◆ What the task requires ◆
Word for word, restate the entries below, but exclude the images.

◆ Source records ◆

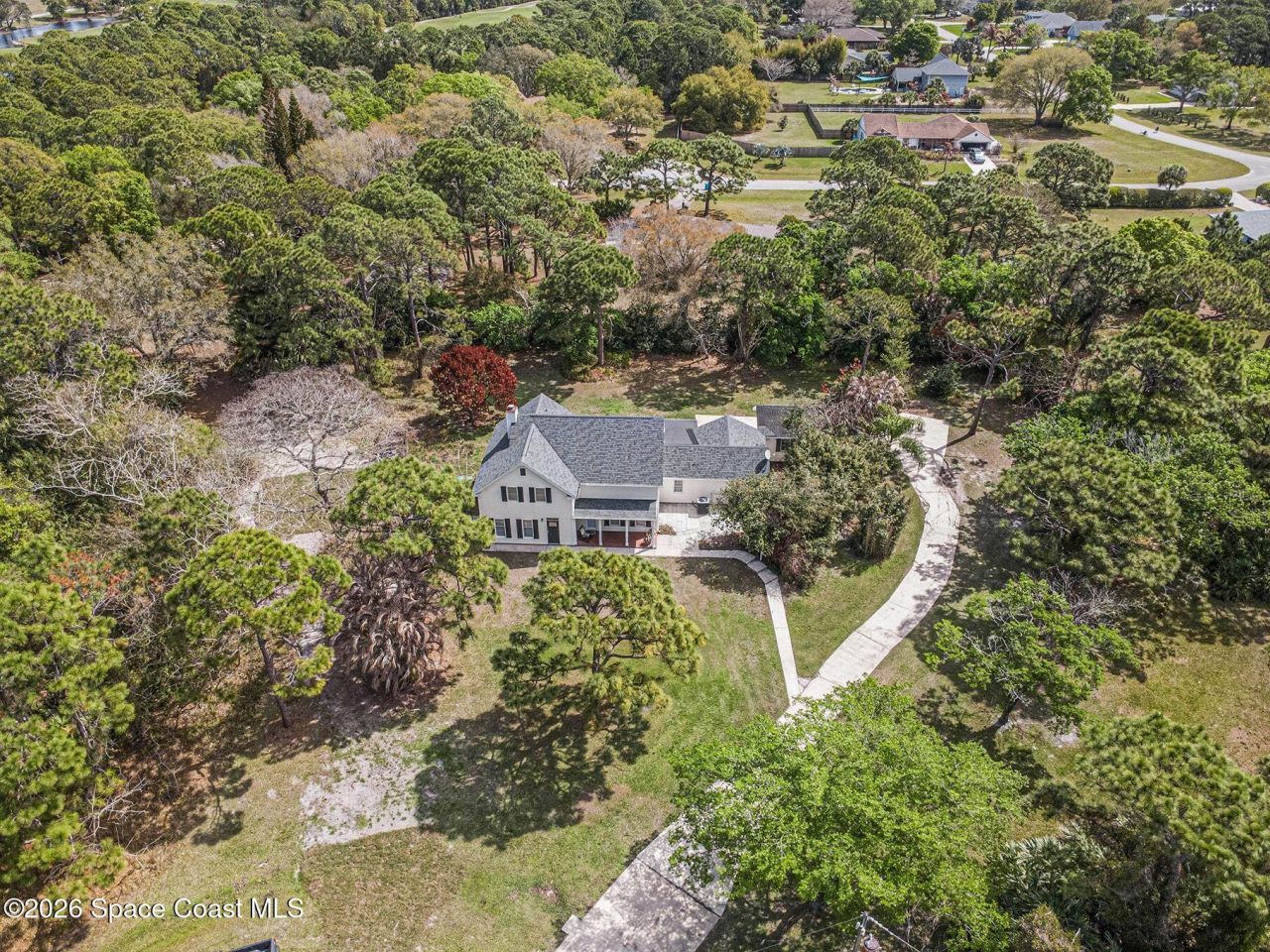 Welcome to your private slice of country living in Grant-Valkaria. Nestled on 1.16+ acres, this spacious 4-bedroom, 3.5-bath two-story home blends peaceful rural charm with everyday comfort. The inviting layout features a formal living room, formal dining room, and family room with a cozy wood-burning fireplace. A newly renovated kitchen includes a breakfast bar, pantry, and breakfast nook for casual dining. First floor newly renovated mother-in-law suite with its own private entrance. Spacious master and two additional bedrooms upstairs provide flexibility for family, or a home office. The property is dotted with mature fruit trees, creating a serene, park-like setting. Enjoy Florida evenings on the enclosed trussed porch. A workshop with electricity and attached two-car garage provide great space for projects or storage. Located in desirable Pomello Ranch, this property allows horses while being minutes from shopping, and major roadways. Space, privacy, and convenience all in one.
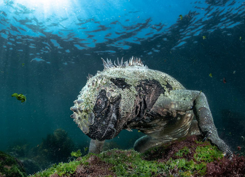 Пьер Манэ стал победителем в категории «Подводная жизнь». Он запечатлел морскую игуану у берегов Галапагосских островов. Игуана — единственная ящерица, способная дышать под водой. Они могут опускаться на 25 метров под воду на одном дыхании.
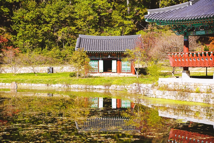 불영사 내부는 단정하고 고요하여 자연과 어우러진 모습이 참 인상적이었습니다. 연못에 비친 단풍과 사찰의 모습은 마치 거울처럼 투명하고 아름다웠습니다.
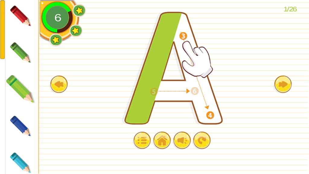 子供たちは、文字や数字の矢印に沿って動くアニメーションの手をたどるだけで、アルファベットと数字の書き方を学びます。
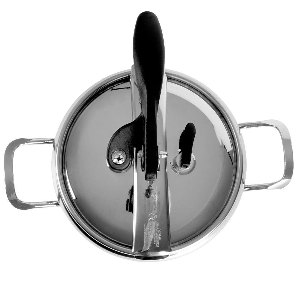 Ātra un veselīga gatavošana zem spiediena jebkurā brīdī, kad tas nepieciešams. Šis 5 l nerūsējošā tērauda spiediena katls piedāvā ātru ēdienu pagatavošanu, enerģijas ietaupījumu un drošu lietošanu pateicoties diviem drošības vārstiem un uzticamajai bloķēšanas sistēmai. Piemērots visiem plīts veidiem, tostarp indukcijai, ar trīsslāņu pamatni vienmērīgai siltuma sadalei.
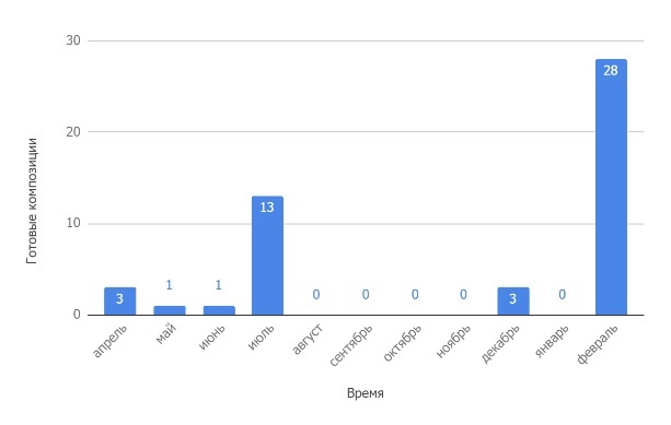 1. Готовых композиций (написанных, записанных и выпущенных) - в феврале их 28. Это больше, чем за весь прошедший год. Вот график для наглядности.
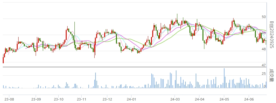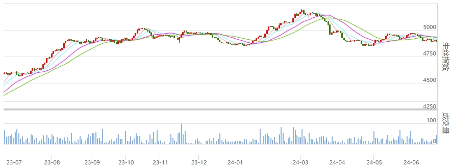 今日(2024年06月24日,周一)中國繭絲綢交易市場生絲電子指數(shù)下跌0.21%報于4891.17點。B絲(商檢4A級生絲):240625合約報平收于49.17萬元;240925合約下跌0.03萬元報收于48.63萬元;250325合約下跌0.24萬元報收于49.08萬元。
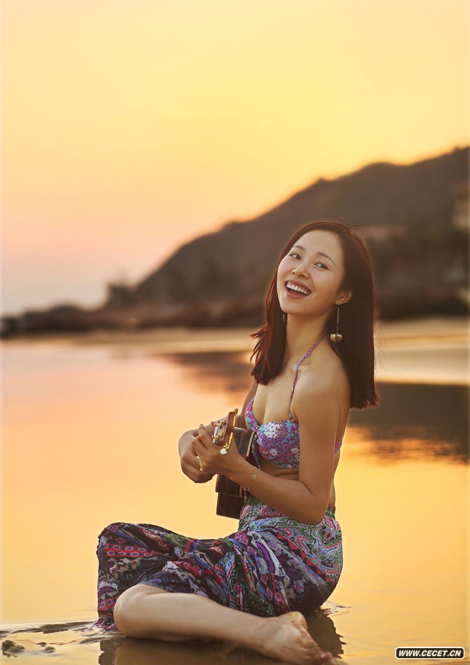 江一燕海滩素颜出镜 自弹自唱尽展才女风情
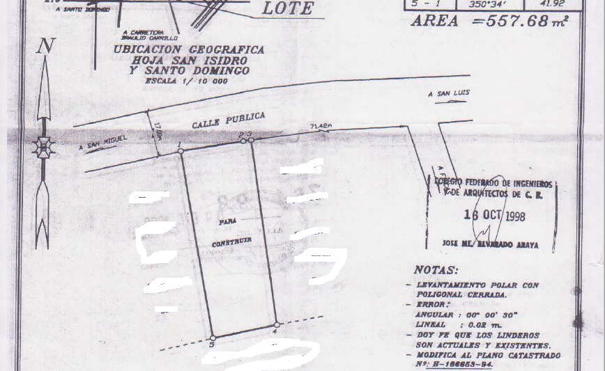 Lot for sale with nice Mountain View, San Miguel de Santo Domingo de Heredia, 557 sq mtrs, 14 mts front.  All services available, near San Miguel center and Route 32.  Quiet area.
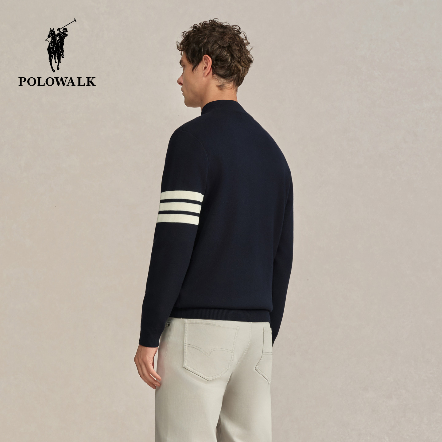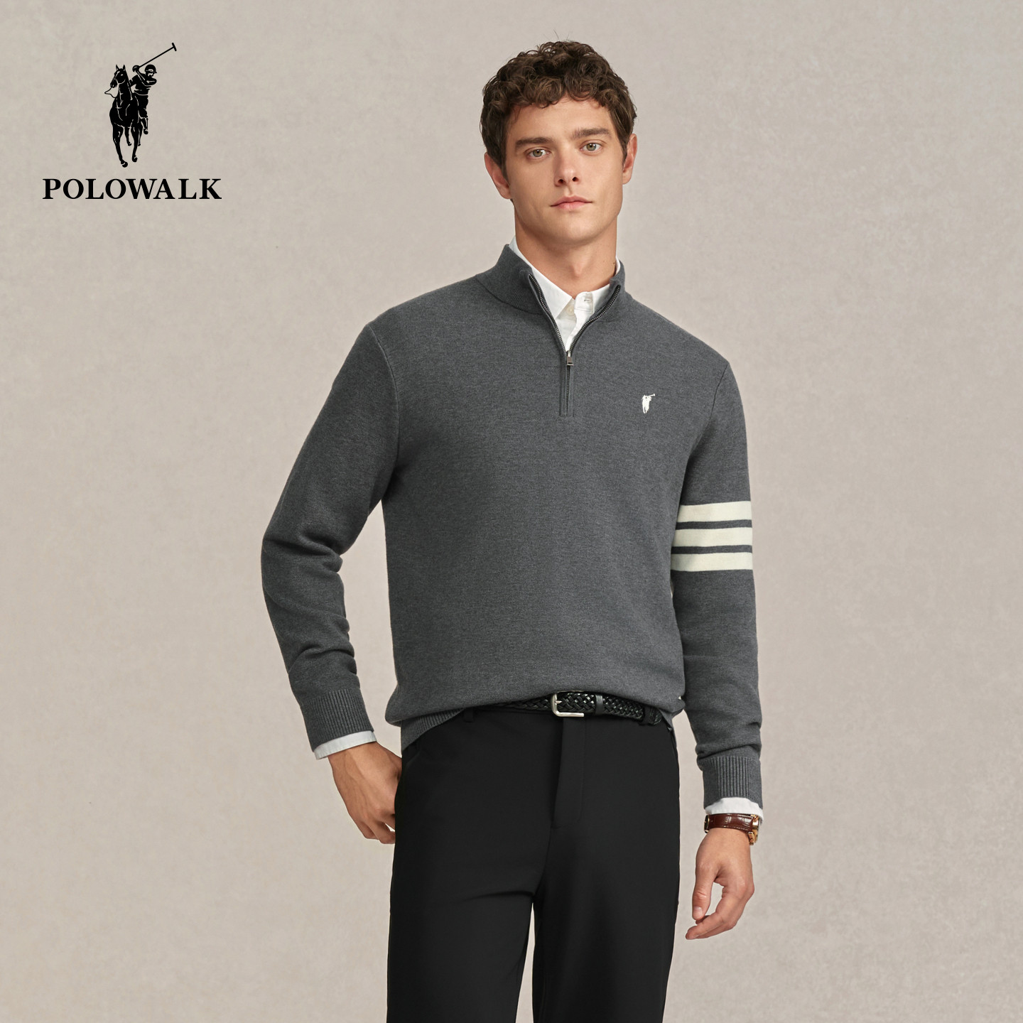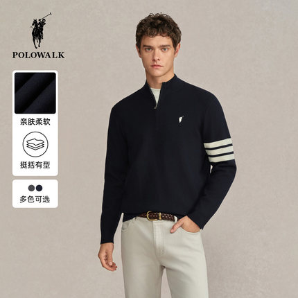 POLOWALK男式针织衫2025冬季新品时尚挺括半拉链立领条纹加绒上衣
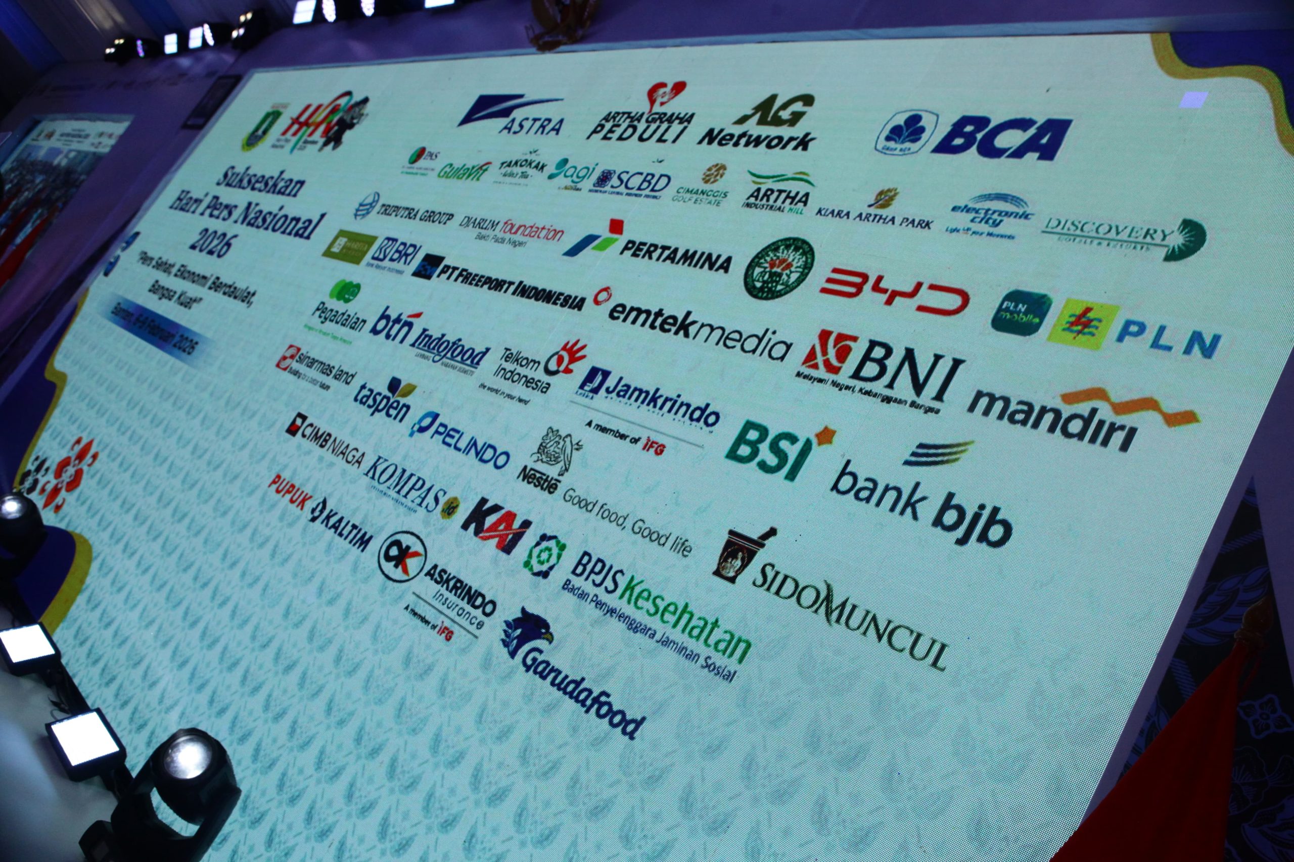 Sejumlah perusahaan dan institusi yang turut mendukung HPN 2026 Banten antara lain PT Astra International Tbk, Artha Graha Peduli, Artha Graha Network, PT Bank Central Asia Tbk, PT Pertamina (Persero), Gabungan Pengusaha Kelapa Sawit Indonesia (GAPKI), Triputra Group, PT Djarum, BYD Motor Indonesia, PT PLN (Persero), PT Surya Citra Media (SCM) Tbk, Harita Nickel, PT Bank Rakyat Indonesia (Persero) Tbk, PT Freeport Indonesia, PT Bank Mandiri (Persero) Tbk, PT Bank Negara Indonesia (Persero) Tbk, PT Bank Tabungan Negara (Persero) Tbk, PT Telkom Indonesia (Persero) Tbk, PT Pegadaian, PT Jaminan Kredit Indonesia (Jamkrindo), PT Indofood Sukses Makmur Tbk, PT Bank Syariah Indonesia (Persero) Tbk, PT Taspen (Persero), Pelindo, Sinar Mas Land, PT Bank Pembangunan Daerah Jawa Barat dan Banten Tbk (Bank BJB), PT Nestle Indonesia, PT Industri Jamu dan Farmasi Sido Muncul Tbk, PT Bank CIMB Niaga Tbk, Kompas.id, PT Kereta Api Indonesia (Persero), BPJS Kesehatan, PT Asuransi Kredit Indonesia (Askrindo), serta PT Pupuk Kalimantan Timur.
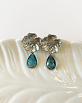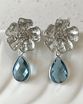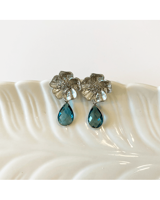 Aro plateado con base de flor bañada en plata y cristal azul facetado bañado en plata.
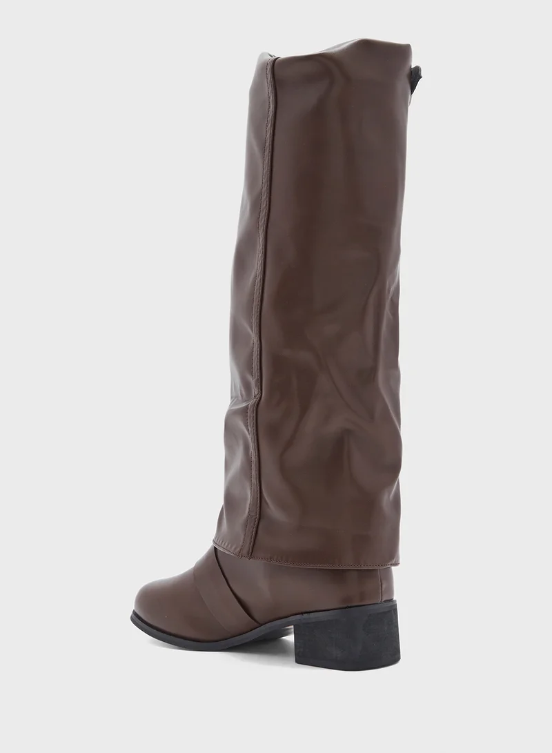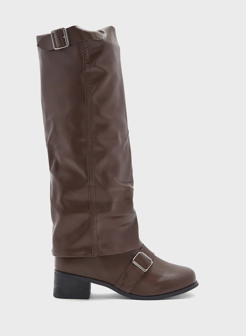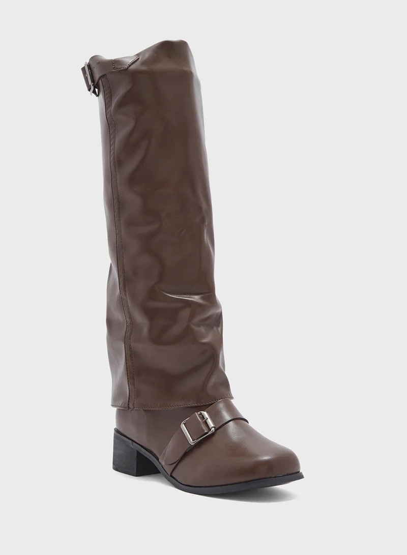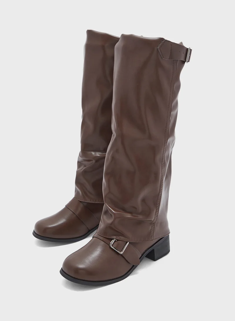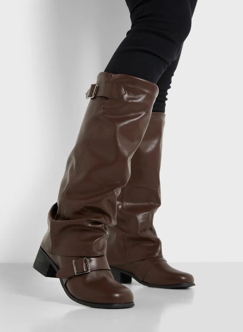 Slouchy Buckle Detail Knee Length Boots

◆ Reply to the task ◆
 Welcome to your private slice of country living in Grant-Valkaria. Nestled on 1.16+ acres, this spacious 4-bedroom, 3.5-bath two-story home blends peaceful rural charm with everyday comfort. The inviting layout features a formal living room, formal dining room, and family room with a cozy wood-burning fireplace. A newly renovated kitchen includes a breakfast bar, pantry, and breakfast nook for casual dining. First floor newly renovated mother-in-law suite with its own private entrance. Spacious master and two additional bedrooms upstairs provide flexibility for family, or a home office. The property is dotted with mature fruit trees, creating a serene, park-like setting. Enjoy Florida evenings on the enclosed trussed porch. A workshop with electricity and attached two-car garage provide great space for projects or storage. Located in desirable Pomello Ranch, this property allows horses while being minutes from shopping, and major roadways. Space, privacy, and convenience all in one.
 Пьер Манэ стал победителем в категории «Подводная жизнь». Он запечатлел морскую игуану у берегов Галапагосских островов. Игуана — единственная ящерица, способная дышать под водой. Они могут опускаться на 25 метров под воду на одном дыхании.
 불영사 내부는 단정하고 고요하여 자연과 어우러진 모습이 참 인상적이었습니다. 연못에 비친 단풍과 사찰의 모습은 마치 거울처럼 투명하고 아름다웠습니다.
 子供たちは、文字や数字の矢印に沿って動くアニメーションの手をたどるだけで、アルファベットと数字の書き方を学びます。
 Ātra un veselīga gatavošana zem spiediena jebkurā brīdī, kad tas nepieciešams. Šis 5 l nerūsējošā tērauda spiediena katls piedāvā ātru ēdienu pagatavošanu, enerģijas ietaupījumu un drošu lietošanu pateicoties diviem drošības vārstiem un uzticamajai bloķēšanas sistēmai. Piemērots visiem plīts veidiem, tostarp indukcijai, ar trīsslāņu pamatni vienmērīgai siltuma sadalei.
 1. Готовых композиций (написанных, записанных и выпущенных) - в феврале их 28. Это больше, чем за весь прошедший год. Вот график для наглядности.
 今日(2024年06月24日,周一)中國繭絲綢交易市場生絲電子指數(shù)下跌0.21%報于4891.17點。B絲(商檢4A級生絲):240625合約報平收于49.17萬元;240925合約下跌0.03萬元報收于48.63萬元;250325合約下跌0.24萬元報收于49.08萬元。
 江一燕海滩素颜出镜 自弹自唱尽展才女风情
 Lot for sale with nice Mountain View, San Miguel de Santo Domingo de Heredia, 557 sq mtrs, 14 mts front.  All services available, near San Miguel center and Route 32.  Quiet area.
 POLOWALK男式针织衫2025冬季新品时尚挺括半拉链立领条纹加绒上衣
 Sejumlah perusahaan dan institusi yang turut mendukung HPN 2026 Banten antara lain PT Astra International Tbk, Artha Graha Peduli, Artha Graha Network, PT Bank Central Asia Tbk, PT Pertamina (Persero), Gabungan Pengusaha Kelapa Sawit Indonesia (GAPKI), Triputra Group, PT Djarum, BYD Motor Indonesia, PT PLN (Persero), PT Surya Citra Media (SCM) Tbk, Harita Nickel, PT Bank Rakyat Indonesia (Persero) Tbk, PT Freeport Indonesia, PT Bank Mandiri (Persero) Tbk, PT Bank Negara Indonesia (Persero) Tbk, PT Bank Tabungan Negara (Persero) Tbk, PT Telkom Indonesia (Persero) Tbk, PT Pegadaian, PT Jaminan Kredit Indonesia (Jamkrindo), PT Indofood Sukses Makmur Tbk, PT Bank Syariah Indonesia (Persero) Tbk, PT Taspen (Persero), Pelindo, Sinar Mas Land, PT Bank Pembangunan Daerah Jawa Barat dan Banten Tbk (Bank BJB), PT Nestle Indonesia, PT Industri Jamu dan Farmasi Sido Muncul Tbk, PT Bank CIMB Niaga Tbk, Kompas.id, PT Kereta Api Indonesia (Persero), BPJS Kesehatan, PT Asuransi Kredit Indonesia (Askrindo), serta PT Pupuk Kalimantan Timur.
 Aro plateado con base de flor bañada en plata y cristal azul facetado bañado en plata.
 Slouchy Buckle Detail Knee Length Boots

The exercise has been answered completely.